Playwright Alice Birch has
written one hundred scenes, inviting any directors to choose as many as
they want from among them and perform them in any order they choose.
For this Donmar production
director Maria Aberg has selected thirty and staged them in an order
different from their placement in the printed text. (The first few are
numbers 57, 54, 40, 52, 92 and so on.)
Another production might well
have an entirely different selection and therefore be an entirely
different play.
Almost all of the scenes in
this selection deal with women on or near the criminal fringes of society.
A drug addict breaks into her
mother's home demanding money. A social worker checks that a streetwalker
is all right. A young mother driven mad by exhaustion confesses to killing
her children.
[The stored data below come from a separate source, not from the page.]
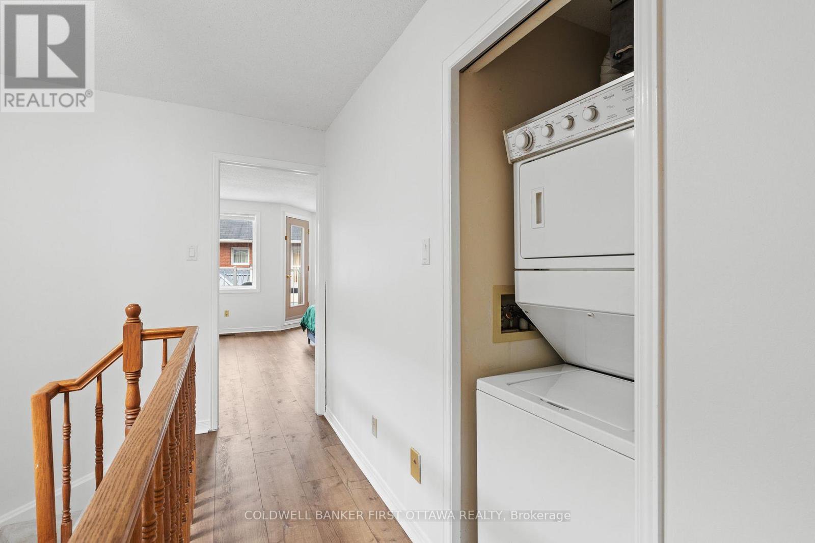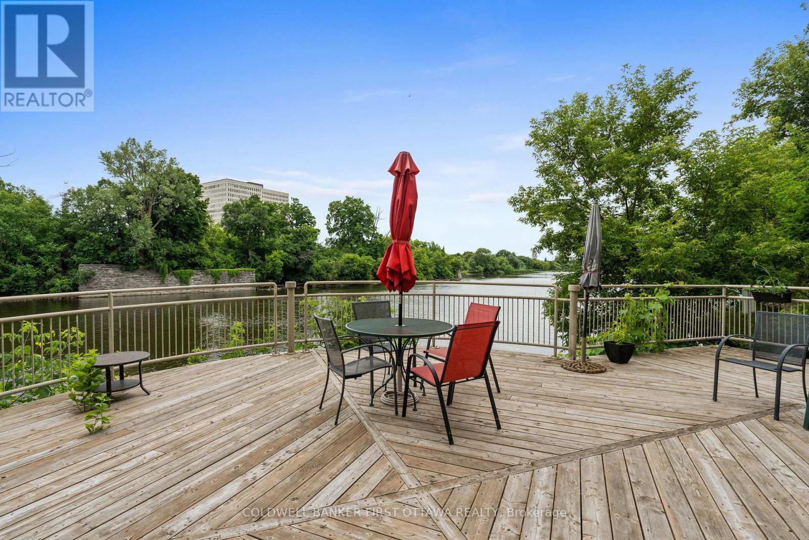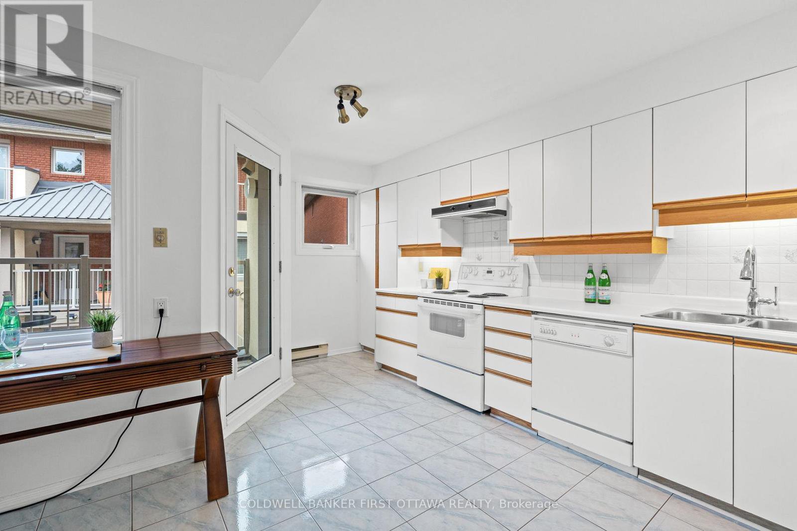 Welcome to The River Villa on Fountain! This stylish & spacious 1,401 sq ft 2 lvl condo is nestled in a Mediterranean-inspired courtyard, just steps from Rideau River. This unique, upper lvl unit offers privacy & charm w/ a semi-private entrance shared by only one neighbour & access to the beautifully updated (2024) communal courtyard, feat. new planters, upgraded drainage membrane, garage ceiling & custom fountain (on order). Ideal for outdoor enthusiasts, enjoy direct river access via the courtyard, perfect for kayaking, paddle boarding or relaxing by the water. Walk, run or cycle the nearby trails that connect to paths throughout the city. Inside, this well-maintained condo unit has been professionally painted (2025) & updated w/ luxury vinyl plank flooring on both levels (2020), LED lighting (2025) & front-entry privacy film (2025). The tiled foyer leads to a 2pc powder room & opens into a massive living/dining area w/ wood-burning fireplace, oversized windows overlooking trees/shrubs & no rear neighbours. The bright kitchen offers laminate counters, white upper/lower cabinets & access to a main lvl patio w/ room for seating and enjoying morning coffee & evening cocktails. Appliances incl.: Jenn-Air dishwasher, Whirlpool stove, GE fridge. A closet w/ wooden doors houses the Broan furnace & Rheem HWT. Second level, the spacious primary bed boasts 2 double closets, a 4pc ensuite w/ dual vanity, whirlpool tub & private toilet cubby, plus a walkout to a private deck w/ tranquil courtyard & river views. The 2nd bed w/ double closet is perfect for guests or a home office. The 3pc main bath incl. a tile surround shower & pedestal sink. Whirlpool stacked washer/dryer in hall w/ nearby linen closet for convenience. Walkable to UOttawa, ByWard Market, RCMP, Global Affairs, Strathcona Park, Rideau Sports Centre, Farm Boy, Metro, Loblaws, Shawarma Palace & more. Right on the Rideau River, a rare find offering character, lifestyle & location. A true Gem in heart of Ottawa!
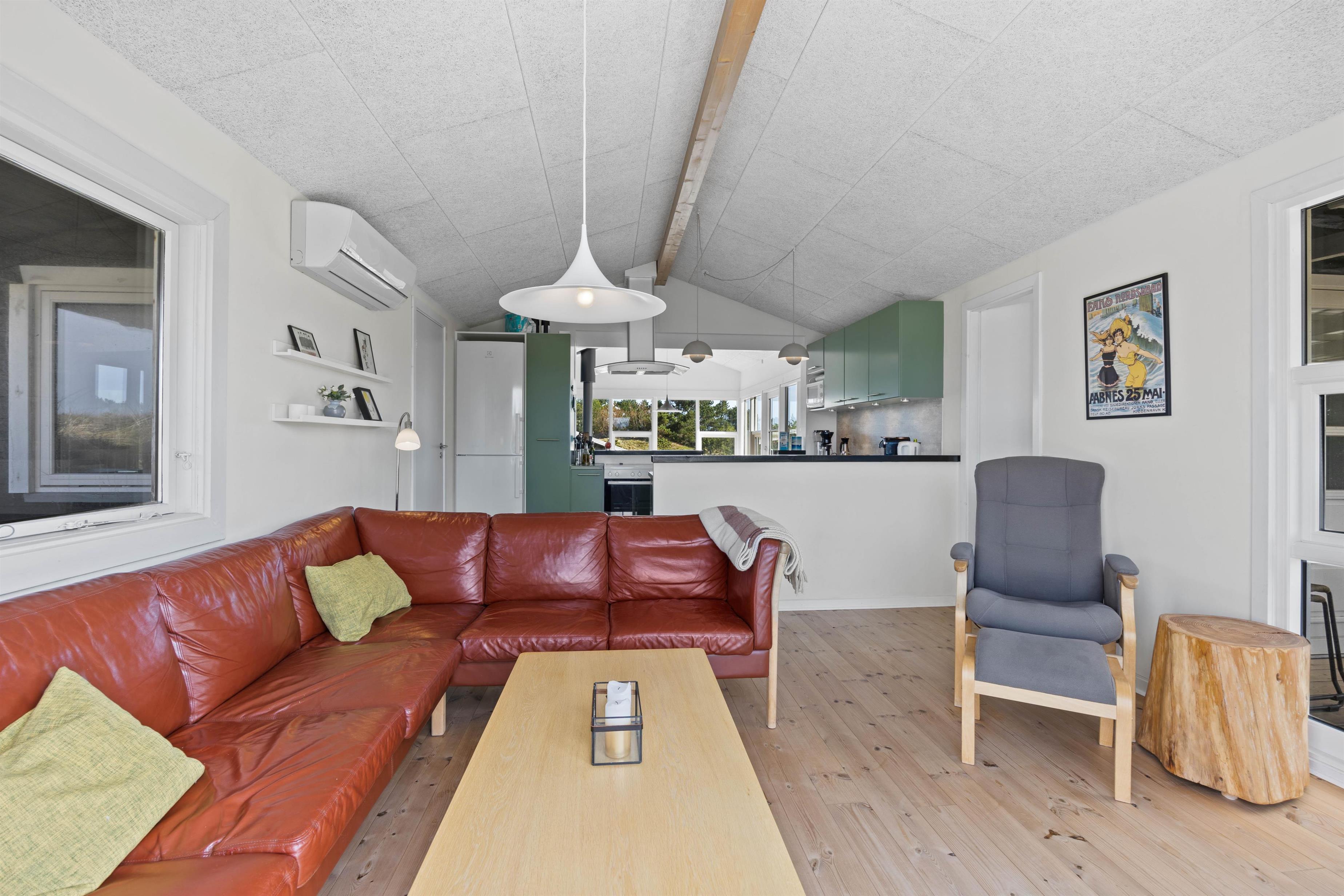 Sommerhuset er renoveret i 2022 og har en hyggelig og indbydende atmosfære, hvori I hurtigt vil føle jer godt tilpasse. Stuen, køkkenet og spisepladsen ligger i forlængelse af hinanden, så I kan snakke og hygge jer sammen, selvom nogle laver mad og andre slapper af i sofaen.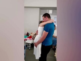 Nữ y tá Oksana Balandina cụt chân mặc váy cưới được chồng là Viktor Vasyliv bế trên tay, xoay người theo điệu vũ trong bệnh viện.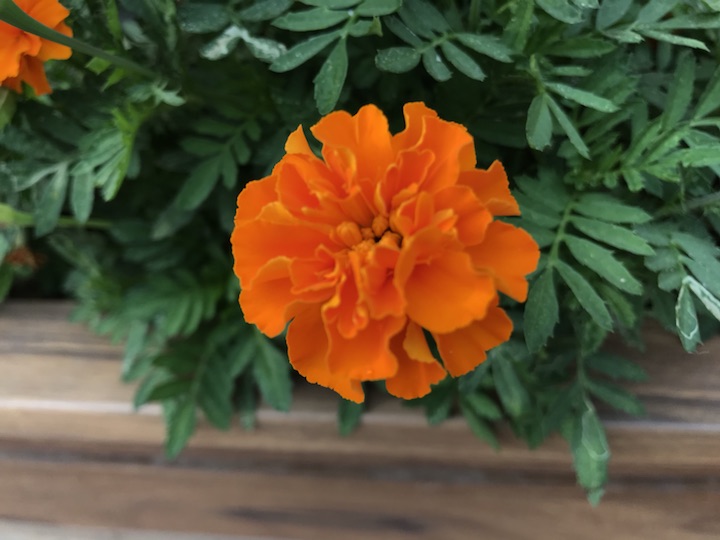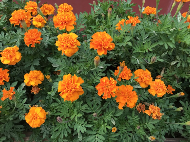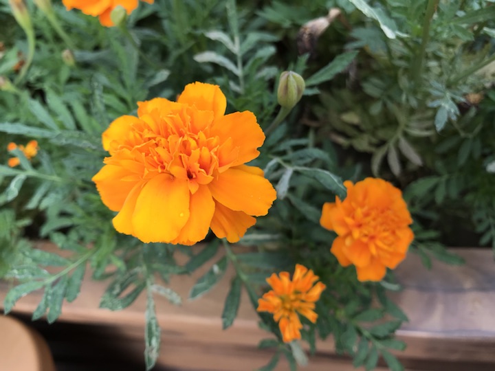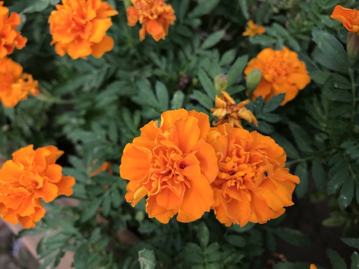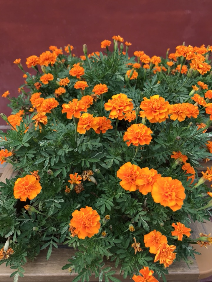 万寿菊和孔雀草花朵的颜色也很像,大多是开黄色或橙黄色的花。有看到这样的说法,孔雀草开花花瓣上会带着红色斑块,万寿菊则没有红色斑块。如果花朵看起来呈现红色,那就是孔雀草,因为它带有红色斑块。其实这个也不好区分,橙黄色本就呈现偏红色的感觉。还有另一个区分办法个人觉得是比较靠谱的,那就是看花瓣的浓密程度,万寿菊的花朵花瓣浓密,看起来比较饱满,而孔雀草的花朵花瓣比较稀疏,没有万寿菊那么层层叠叠。孔雀草的花瓣更加的平滑,万寿菊的花瓣则是有许多的裂齿。最后的终极法宝便是看花序了,万寿菊的花序梗顶端棍棒状膨大,孔雀草的花序梗先端稍增粗。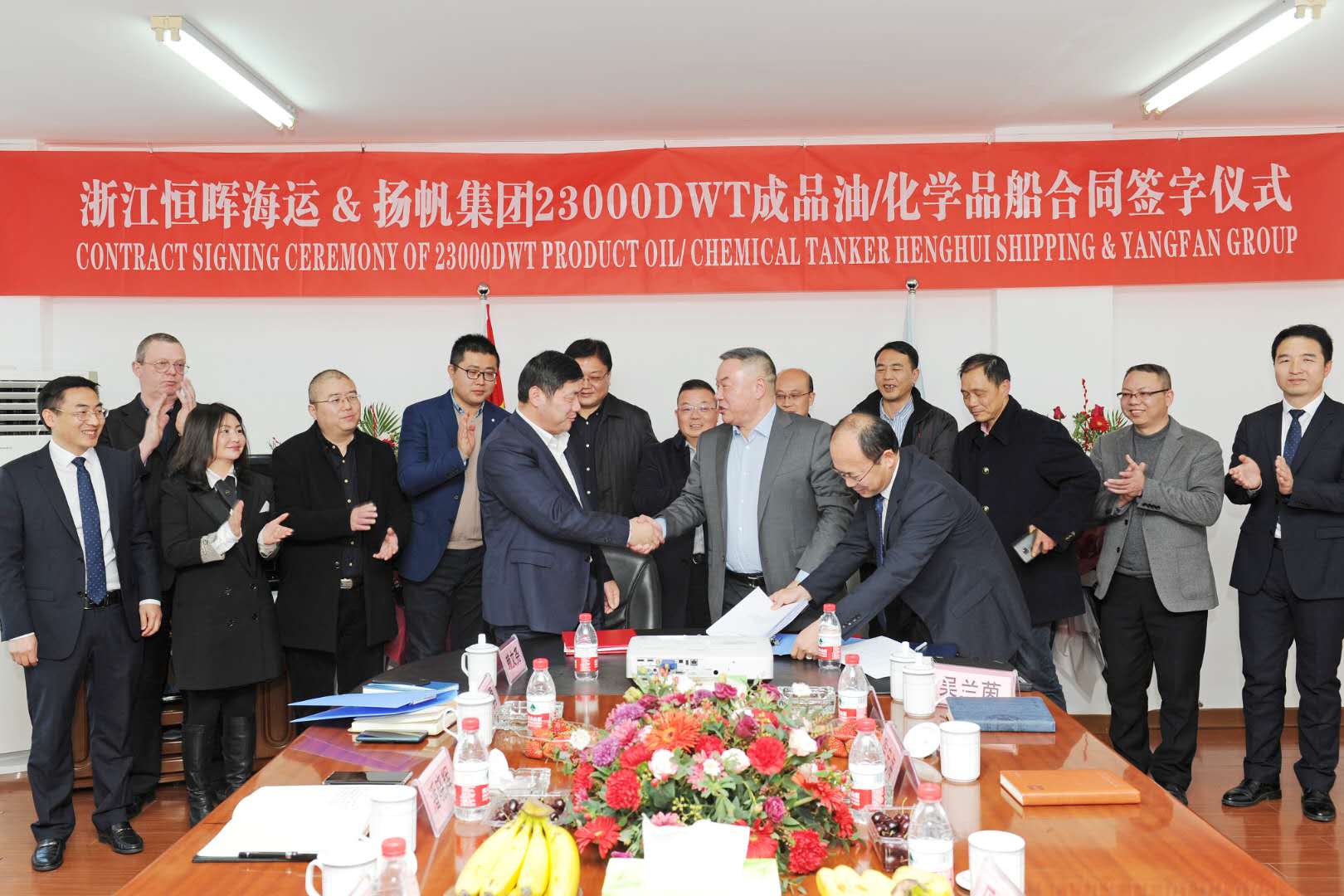 2020年1月1日,揚(yáng)帆集團(tuán)與國(guó)內(nèi)一船東簽署了一艘23,000噸級(jí)成品油兼化學(xué)品船建造合同。該船型總長(zhǎng)159.20米,型寬24.80米,型深13.85米,結(jié)構(gòu)吃水9.80米,最大23,000載重噸,液貨艙艙容達(dá)27,000立方米。該船可裝載輕汽油、柴油、2類化學(xué)品等貨品。該項(xiàng)目的簽署為揚(yáng)帆2020年的市場(chǎng)開(kāi)拓注入了信心。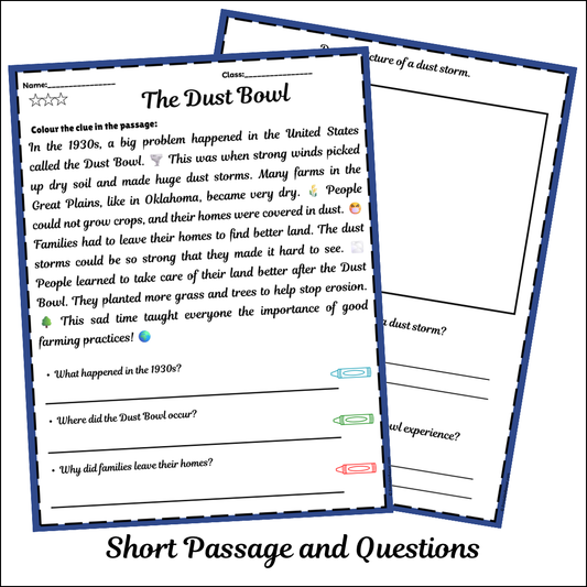 The Dust Bowl | Short Reading Comprehension Creative Worksheet
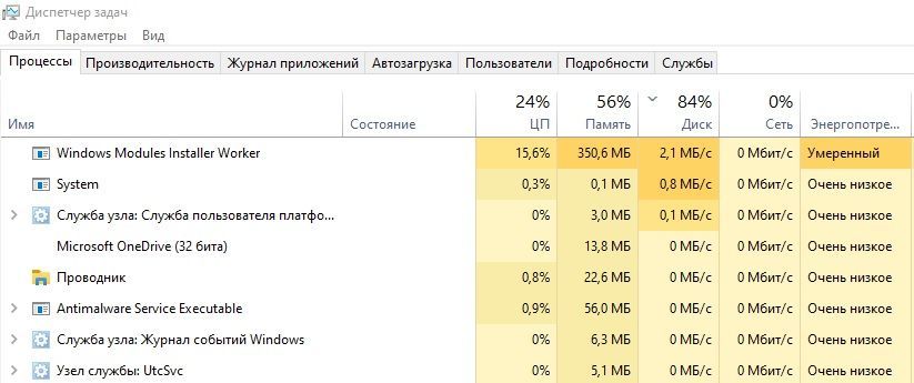 Нередко случается, что появившаяся ниоткуда высокая нагрузка вызвана процессами, так или иначе связанными с обновлениями. Windows Modules Installer Worker, она же WMIW, она же TiWorker.exe занимается поиском обновлений на серверах Windows и установкой оных в систему. Просто перезагрузка редко решает проблему, а она сама по себе не исчезнет. По моему опыту и сведениям от других, независимо от характеристик системы, такая нагрузка может занимать до 15-20 минут. Но не более, и уж точно не от сеанса к сеансу с завидной регулярностью.
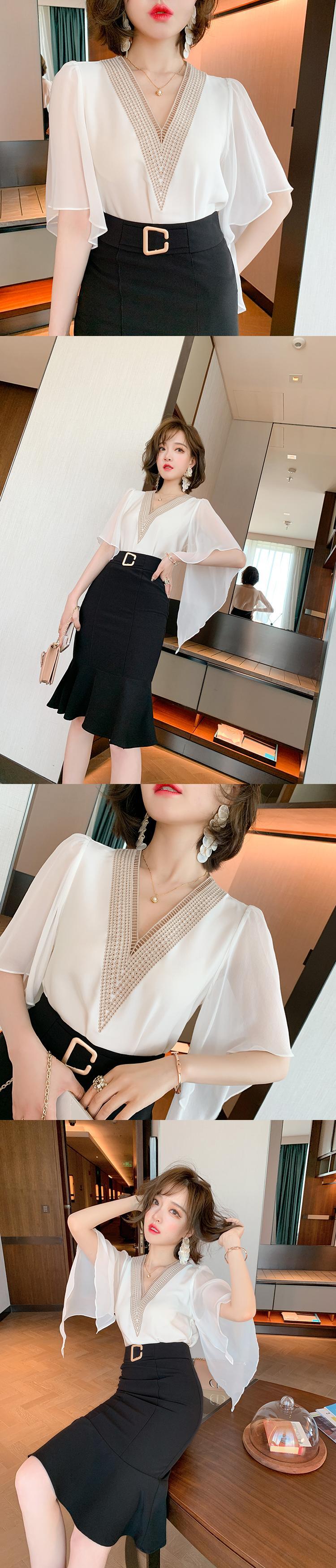 パターンVネックスリーブシャツ スプリングサマー 春物 夏物 MIUCO68902608368
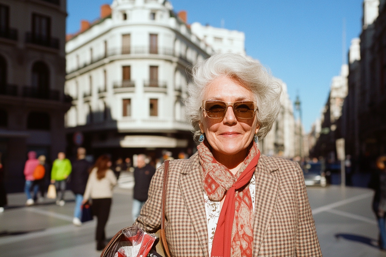 Irudiak ile kizkur eta urdindun emakume nagusi bat erakusten du, eguzkitako betaurrekoak eta irribarre atsegina dituela. Abrigo laukiduna darama eta lepoan zapia gorri bat du, jantziari kolore ukitu bat emanez. Atzealdean, kale bizia ikus daiteke, arkitektura klasikoa duten eraikinekin eta kalean ibiltzen diren pertsonekin, giro bizi eta dinamikoa sortuz. Eguzki-argiak eszena argitzen du, itzal eta argi guneen arteko kontrastea sortuz. Emakumea momentua gozatzen ari dela dirudi, irudiaren erdian konfiantzaz jarrera hartuta. Zerua urdin argia da, lasaitasun eta freskotasun sentsazioa emanez.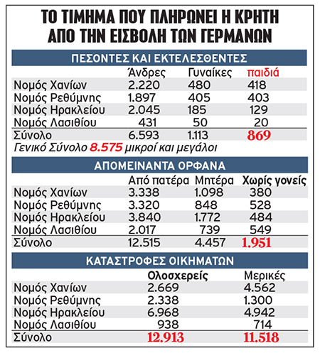 Παρά το γεγονός ότι ύστερα από μια εξαετή εξουθένωση του λαού μας ο πρόεδρος της Γερμανικής Δημοκρατίας κ. Γκάουκ καθώς και η καγκελάριος κ. Μέρκελ δήλωσαν την αναγνώριση των πολεμικών καταστροφών που έγιναν στα 4 χρόνια πολεμικής κατοχής της Ελλάδας και στα 5 χρόνια κατοχής και καταστροφή της Κρήτης.
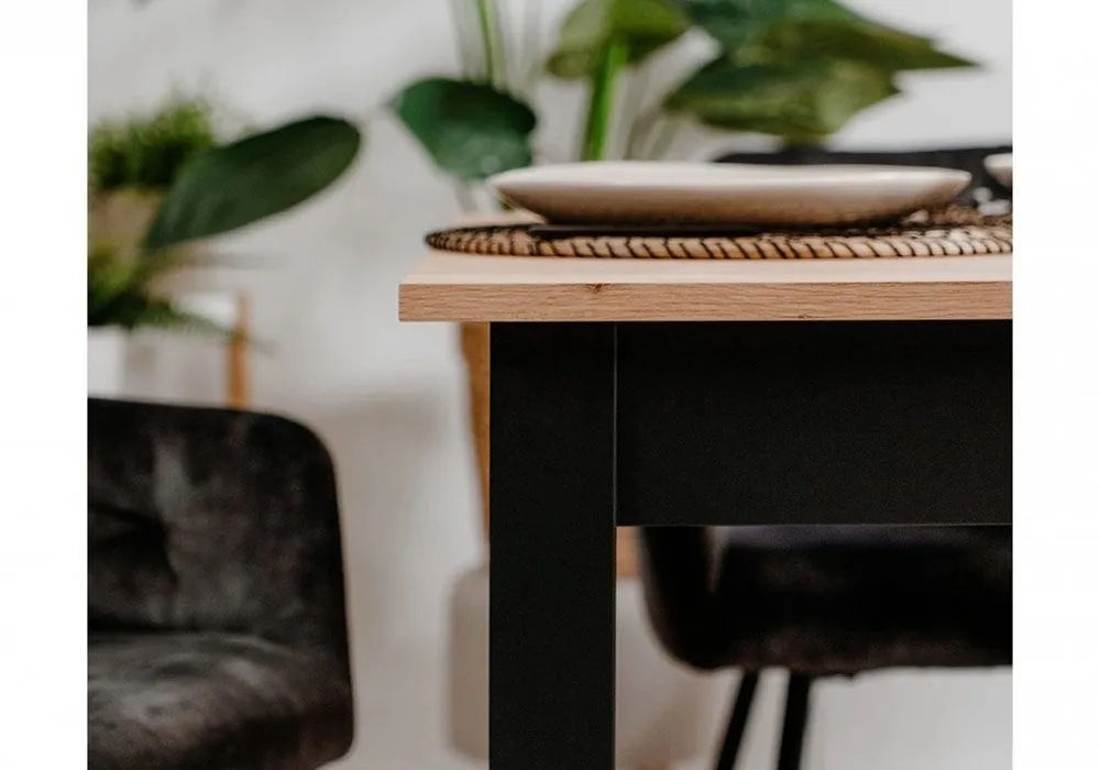 Structure en panneau de particules mélaminé, plateau chêne, piétement coloris noir, 131/177x80xH76cm.

An abused woman is turned away from an overfull shelter.
Unsurprisingly most of the
scenes have a dark tone, a noteworthy exception being a foster mother (or
keeper of a care home) recalling her success stories.
A separate pattern also
arises in this selection, possibly reflecting the choices of Maria Aberg
more than the playwright, as many of the scenes show conflicts between
mothers and adult daughters, one or the other blaming the other for all
her woes.
And then about three-quarters
of the way through comes the longest and best-written of the scenes.
The setting is a dinner party
of friends, all professional women who work in one way or another with the
sorts of women featured in the other scenes – a social worker, a lawyer, a
cop, a psychologist, and so on.
While sharing the white wine,
hummus and cocaine they congratulate themselves on being not only
Politically Correct but demonstrably Good People who do Good Works,
support Good Causes and generally think, act and behave in all the right
ways.
And then a newcomer to the
group rips into them, calling them a bunch of smug, privileged, protected,
self-satisfied, self-deluding, ineffectual and irrelevant liberal wankers.
She's right, of course, and
what is even more striking than her demolition of them is our inescapable
realisation that the whole play is written and produced from the same safe
and easy self-congratulatory liberal point of view.
And then the play goes on for
another few scenes as if nothing had happened.
It is hard to decide whether
to be impressed by Alice Birch's startling flash of self-awareness or to
be puzzled by the fact that it seems to have no effect.
At its best [BLANK] is a collage of individual moments that don't really hang together. At its worst it seems to undercut itself completely.